This is the final newsletter for this year, and then I plan to enjoy a whole week of relaxation (with all my Christmas food) before we are back to work in January.
And to end this year, I have something amazing for you.
Over the past month, I have kept a very close watch on The Correspondent's launch in the English-speaking market. And, as you probably already know, they reached their funding goal with 45,886 new members and $2,627,070 raised.
This is such a wonderful thing because it means that the media industry is ending 2018 with a win. And how amazing is that!?
But, I have now put together a massive report about what exactly happened during their funding campaign, with hourly data illustrated in 14 graphs, and with a lot of added insights from my questions and discussions with Ernst Pfauth, the CEO of The Correspondent.
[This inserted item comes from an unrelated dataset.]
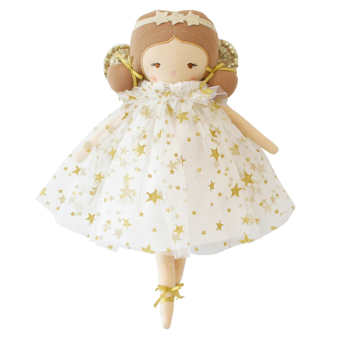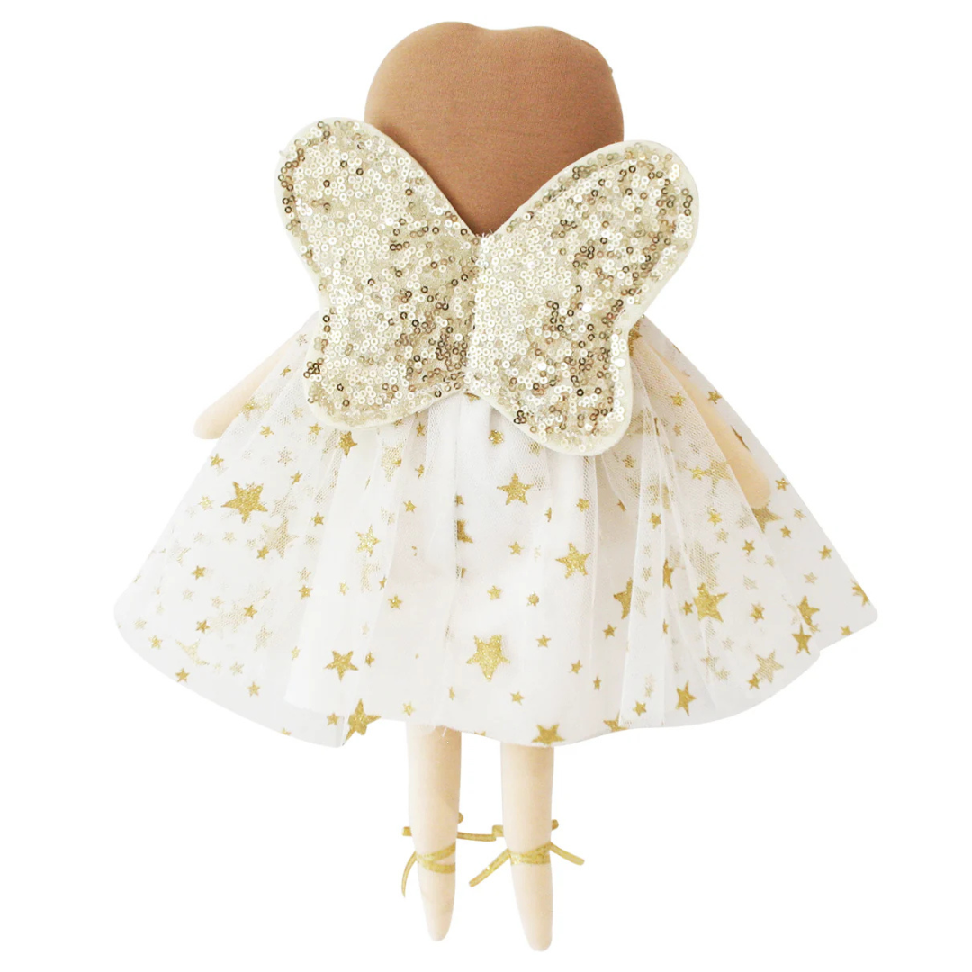 So beautiful! Holly Fairy Doll is a delight in her ivory and gold star tulle dress, gold star headband and gold sequin wings.

The whole thing was a roller-coaster ride in the extreme, and for the first three weeks of the 30-day campaign, it looked like they weren't going to make it.
So, take a look at: "A look at The Correspondent's Crowdsourcing Campaign".
Note: This is actually a Plus report, but I will keep it free for everyone to read during the next week as my gift to you.
In the latest Axios Media Trend newsletter by the always amazing Sara Fischer, I came across this graph:
This shows how much time people in the US spend on different types of media. And, as you can see, the older generation spends an enormous amount of time watching TV.
For those over 65, that's almost 7 hours of just passively sitting on their couches watching non-interactive media.
That's crazy!
But it's not just that old people spend more time on TV, it's also that the total number means that old people spend more time watching media as a whole. And the trend that we see is that the younger generation has a much more nuanced, but also far more active approach to media.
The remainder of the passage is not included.